I hesitate to post this because my advice to this teacher is not necessarily research based and some of it might seem...well...rude. But I'd have to tell you that these are the things that worked for me in terms of classroom management when nothing else seemed to work for me. I know that she addresses several issues in her request. I'm only addressing the management one because she can't get anything done with them until they are acting better in class.
>Shona,
>
>I have out of 9 students:
> -5 students who have not passed their EOCs,
>-1 504 and 2 SPED, 2-3 high, and 3-4 that are in the
middle to -And
>people who simply cannot work together; I can't even
figure out how to
>group these kids...
>
>Group work is a disaster, most of them want to be
spoon-fed, and I am
>miserable. What am I doing wrong, and how can I make
this work better?
>I am talking about my actual 7th period class in this
instance. I am getting ready to call parents to >discuss behavior and effort,
but I do not know how to help this class.
When I had classes like this, I
realized that I have to teach the get-along-process and social norms as if they
were TEKS - with explicit instruction and modeling. I graded/marked them on that
too. Kinda like when we pair a content objective and a language objective. This
time, you add a social objective.
The other things that work well for this kind of issue is
to adjust the pacing, chunk the tasks, and provide more clarity about each task
and outcome.
*Pacing - go faster or slower. Faster usually works better for
these kids. Push and rush them. You'll get their attention. Set a timer for
short bursts. Let them ask YOU to have more time.
*Chunk the tasks: Groups like this can't handle long
stretches of activities and instructions. Give them one piece at a time. Set a
timer - use one they can see on the overhead. When it goes off, give the next
step, activity, etc. Set the timer. Etc. Asking kids to produce evidence for
each task/process helps.
*Provide more clarity - one of the reasons kids don't
stay with you is because they don't really know what you want them to do.

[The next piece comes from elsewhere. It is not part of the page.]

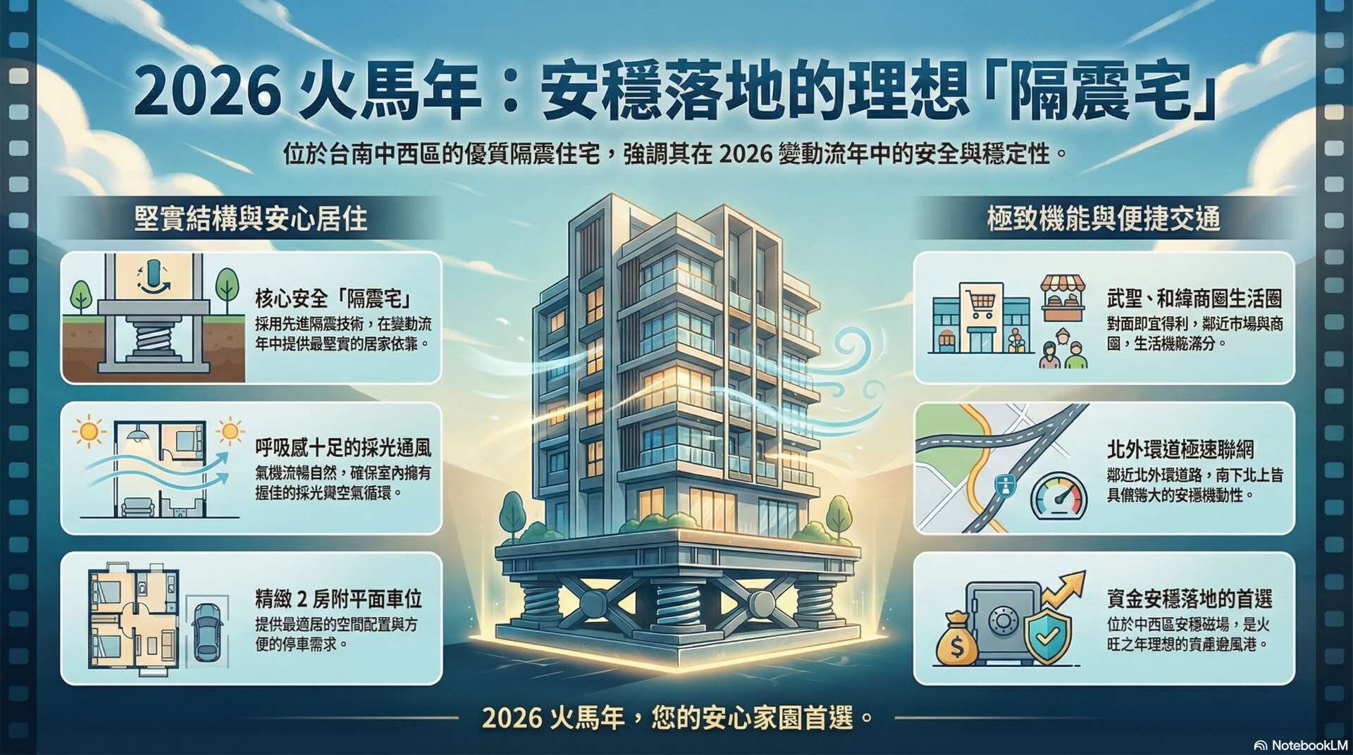 • 安全結構: 採用「隔震」系統,變動流年中最堅實的依靠。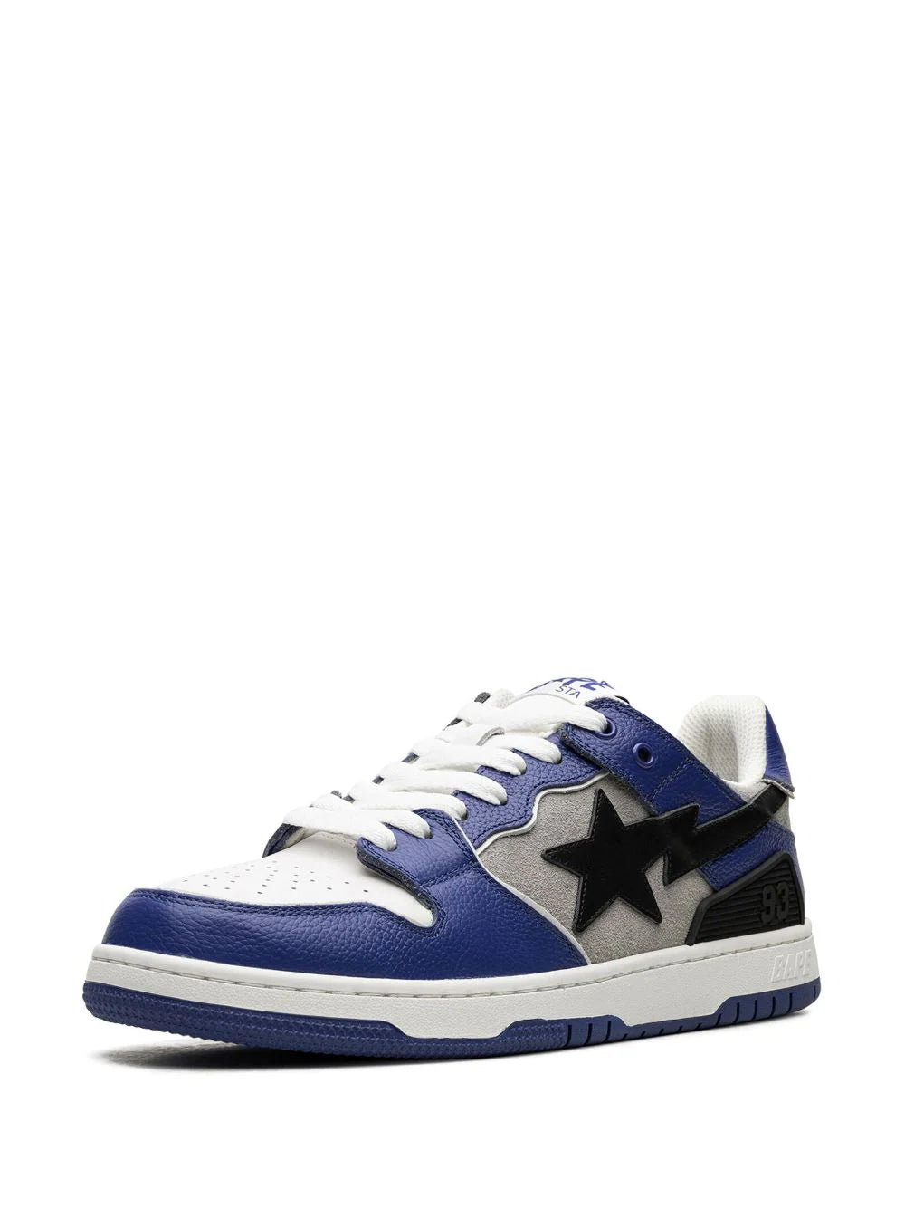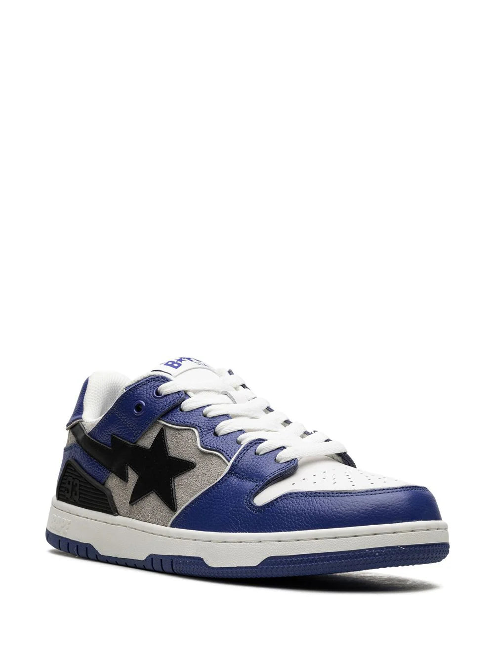 Navy blue, black and white, color matching design, suede stitching, leather trim, hollow toe, front lacing, tongue with logo applique, insole with logo, rubber flat.

Model. Give the instructions in three modalities: auditory, visual - write it
down, and kinesthetic movements to trigger associations and memory. If they are
off task, you can signal them with the kinesthetic movement to redirect them
without disturbing the rest of the class.
Another thing that works VERY well is for every negative
phone call, you make TWO positive ones. Talking to the parents is good. But
calling the kids after hours to thank them for specific elements is extremely
powerful because you then capture their peer power in moving the rest of the
class to more positive directions when they come back to school.
The last advice that I would have is to implement
simultaneous reward and punishment. Put the ones who are being disruptive in
isolation and give them some independent work to catch them up -or pull them to the table for small group instruction. The ones who will work - pull
them aside and play a game with them or let them have phone time while the
others work. Say, "You guys have been focusing and are ahead of the rest
of the class. You can have some free time while the others catch up to your
level of completion and mastery." They hate that and don't want it to
happen again. I used to give candy, but I'm not sure what your policy is on
that. Bottom line - you have to get their attention and focus before you can teach them.